━━ RECORDS FOR THIS TASK
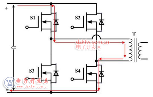 饱和举例:如下图是全桥拓扑,如"红线"路径,假如变压器饱和,那么母线"U"就会被短路,这时候如果没有保护措施或者保护响应时间不够,包括电路中的功率开关管、变压器线圈等会一并烧毁。
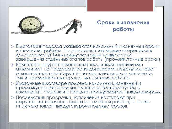 Сроки выполнения работы Ø Ø В договоре подряда указываются начальный и конечный сроки выполнения работы. По согласованию между сторонами в договоре могут быть предусмотрены также сроки завершения отдельных этапов работы (промежуточные сроки). Если иное не установлено законом, иными правовыми актами или не предусмотрено договором, подрядчик несет ответственность за нарушение как начального и конечного, так и промежуточных сроков выполнения работы. Указанные в договоре подряда начальный, конечный и промежуточные сроки выполнения работы могут быть изменены в случаях и в порядке, предусмотренных договором. Последствия просрочки исполнения наступают при нарушении конечного срока выполнения работы, а также иных установленных договором подряда сроков.
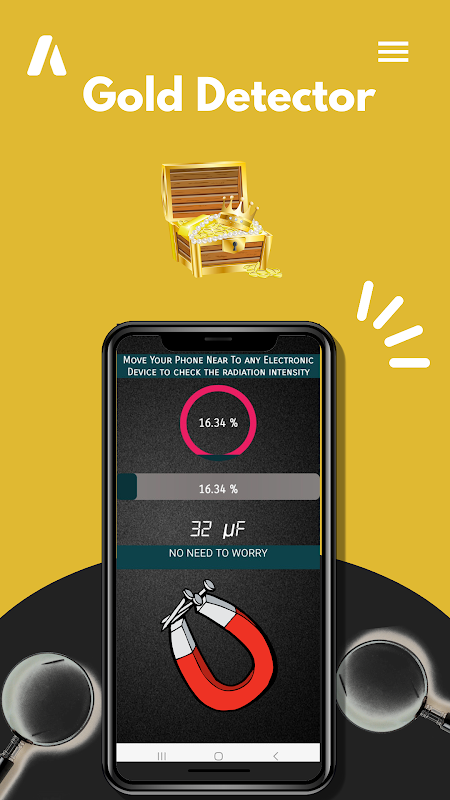 Do you know your phone has a built-in wall stud finder or Gold finder magnetic sensor to measure the magnetic field values? Use your phone for finding gold like a gold ring. Almost every gold tester app and metal detector app uses your device's magnetic sensor to measure magnetic field values and turns any Android into a real metal detector camera to find precious metal around you.
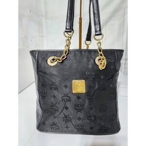 Authentic MCM Vintage Visetos Nylon Shopping Tote Bag Black
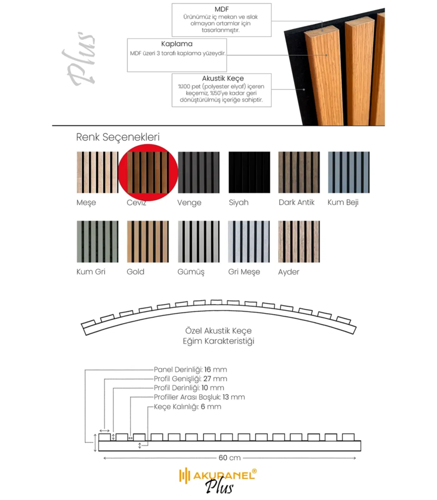 Yeni Akupanel Plus Serisi ile yaşam alanınıza renk katın. MDF üzeri 3 tarafı kaplama yüzeyi ile birlikte plus serisi ile tanışın.
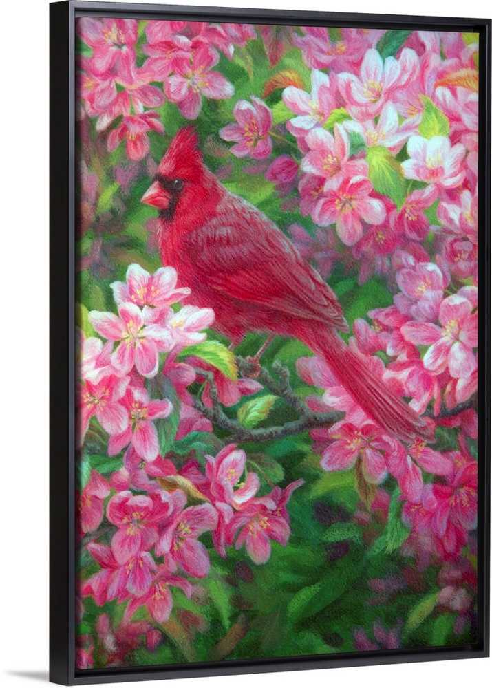 Art Traditional Contemporary Art Plants and Flowers Wildlife Florals Painting Pink Wall Art Wildlife Bird
━━━━
▶ **ASSIGNED TASK**: The copy should begin at the line containing "Yeni Akupanel Plus" and end at the last line of the data above; please restate those lines word for word without the pictures.

▶ **ANSWER AREA**:
 Yeni Akupanel Plus Serisi ile yaşam alanınıza renk katın. MDF üzeri 3 tarafı kaplama yüzeyi ile birlikte plus serisi ile tanışın.
 Art Traditional Contemporary Art Plants and Flowers Wildlife Florals Painting Pink Wall Art Wildlife Bird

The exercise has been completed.